[tor-dev] [Draft Proposal] Scalable Hidden Services
Matthew Finkel
matthew.finkel at gmail.com
Mon Oct 28 13:19:58 UTC 2013
Hi everyone,
This is a proposal I wrote to implement scalable hidden services. It's
by no means finished (there are some slight inconsistencies which I will
be correcting later today or tomorrow) but I want to make it public in
the meantime. I'm also working on some additional security measures that
can be used, but those haven't been written yet.
Many thanks to George for his initial feedback. I pushed this version to
my public repo, and will continue to push updates there.
In reality this is really 3.2 proposals, so the end result, if accepted,
will look significantly different, but I'm indecisive at this point
about which of the designs is least dangerous.
Thanks,
Matt
-------------- next part --------------
0. Introduction
The current Hidden Service design allows a single node to upload a descriptor
to the set of applicable Hidden Service Directories. This descriptor
describes how a client can establish a connectiob wih the hidden service.
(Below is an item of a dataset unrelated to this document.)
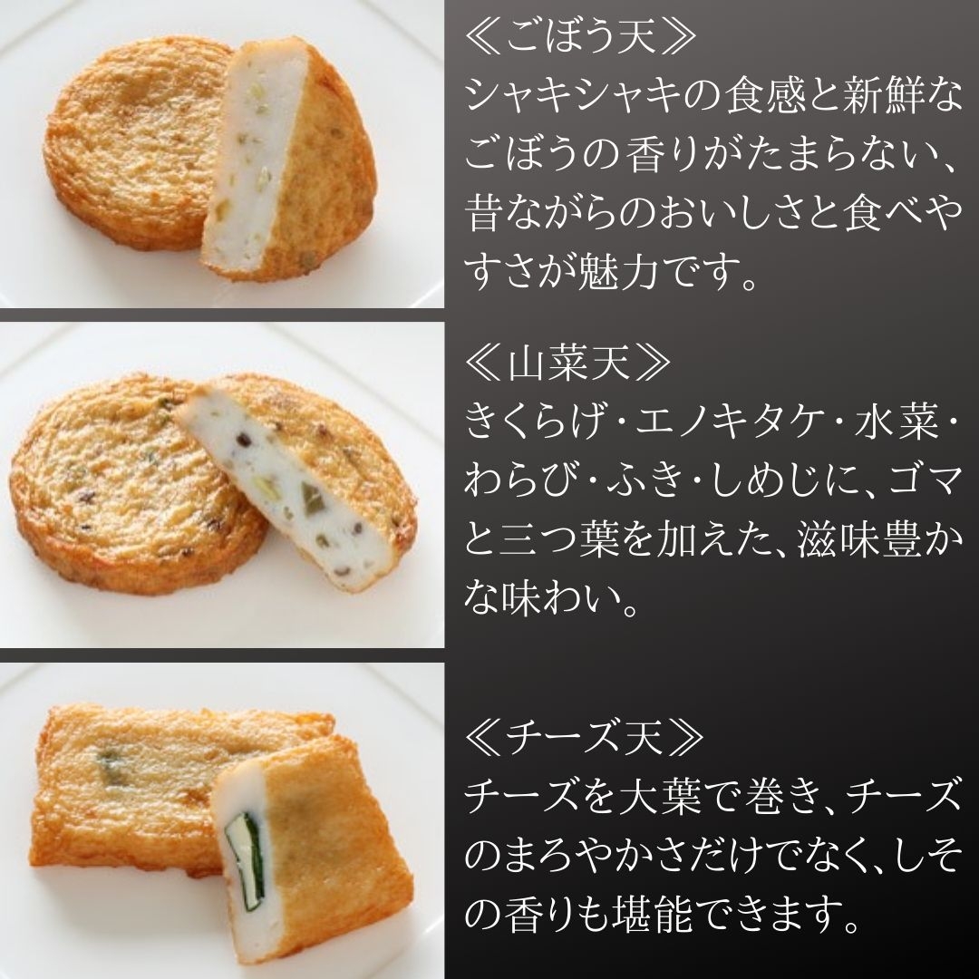 棒天×4、飛魚天×4、メンタイ天×4、ごぼう天×5、山菜天×5、チーズ天×2、梅しそ天×2、紅はるか×2、人参天×3、帆立×2、季節天A×2、季節天B×3

A question arises when the hidden service receives more connections than
it can handle. Perhaps this performance issue is not at the hidden
service, but at the Introduction Points. In either case, the current design
does not sufficiently handle this situation, as a result, some users have
implemented ad-hoc solutions. Any improvements to the hidden service design
should include mechanisms for providing scalable hidden service solutions.
It is our hope that this proposal will provide such an option.
1. Overview
With the implementation of this proposal a hidden service operator will
have the ability to choose a methods by which connections to their hidden
service are load balanced to more than one node for servicing a single
hidden service. We begin by describing the necessary modifications to the
hidden services descriptor in Section 2, then in Section 3 we explain a
Master-Slave configuration, and follow that with a homogeneous nodes
configuration in Section 4. Section 5 delves briefly into a limited-scope
threat model, and Section 6 concludes with the references.
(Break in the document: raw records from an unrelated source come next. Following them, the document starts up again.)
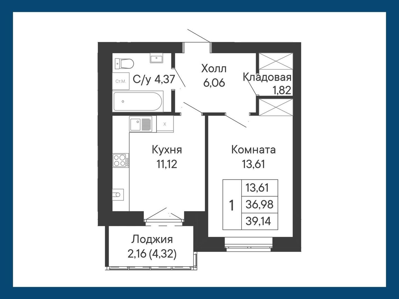 1-комнатная — 39,14 м² 5/8 эт. в Ривьера
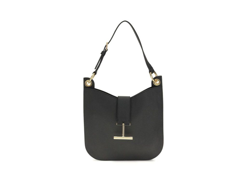 Taška přes rameno Tara z teletiny od Toma Forda, odnímatelný horní popruh nastavitelný kovovou přezkou, design zrnité kůže, detail loga na horním systému zapínání, zapínání na magnetický knoflík, vnitřek s podšívkou, pozlacený kovový hardware.
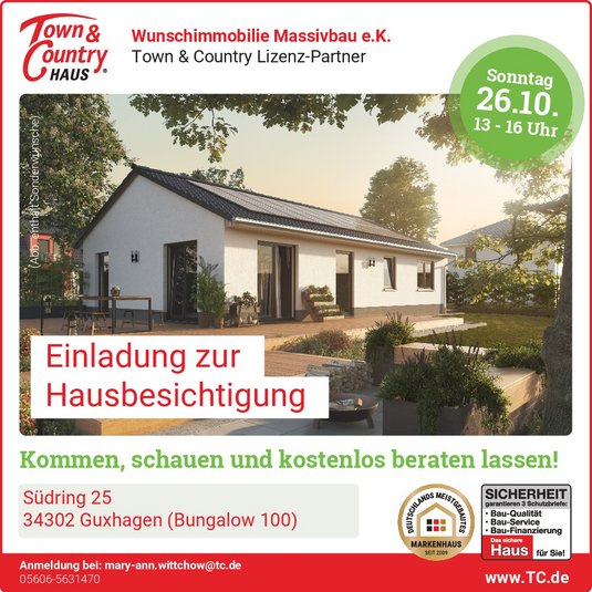 Wir beraten Sie gerne zum Hausbau. Ihr Team von Wunschimmobilie Massivbau e.K., Lizenzpartner von Town & Country Haus für Kassel, den Kreis Kassel,…

Sections 3 and 4 each present the basic design of their system and then
also describe two possible configurations based on the operators use case.
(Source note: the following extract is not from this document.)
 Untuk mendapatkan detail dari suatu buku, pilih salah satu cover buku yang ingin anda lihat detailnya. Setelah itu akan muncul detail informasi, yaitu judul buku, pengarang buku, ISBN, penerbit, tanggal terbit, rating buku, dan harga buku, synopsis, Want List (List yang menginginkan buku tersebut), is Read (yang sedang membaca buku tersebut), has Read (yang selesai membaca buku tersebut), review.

Let it be understood that this proposal is largely based on, and
supercedes parts of, the previously presented proposal "Migration to
ed25519 HS identity keys and privacy-preserving directory documents" [0].
The timeline for implementation of scalable hidden services also follows
from the implementation of that proposal and as well as the implementation
of the migration plan described in "On upgrading HS identity keys and on
a new HS directory scheme that does not leak" [1]. Please see those
proposals for more details.
Scalable hidden services will not effect usability of the system and will
not significantly change the maintainability of a multi-node hidden
service. Single-node hidden services will not be impacted.
2. Descriptor Modifications
To accomplish load balancing across multiple nodes two new optional fields
are added to the hidden service descriptor [2]
"additional-data" SP public-key
[Any number]
An ephemeral key that may be used to obtain a second descriptor from
the designated hidden service directory server.
"alternate-addresses" SP address NL
[Any number]
A secondary address by which the hidden service may be connected.
3. Master-Slave Configuration
The first optional configuration consists of a master node
and one or more slave nodes. When a master node exists, it is charged with
maintaining the hidden service descriptor and servicing clients, while the
slave nodes only service clients.
In this proposal we describe two possible scenarios for implementing this
paradigm. The first involves distributing a shared master secret key and
the second takes advantage of the hidden services infrastructure to
distribute client traffic to "sub"-hidden services.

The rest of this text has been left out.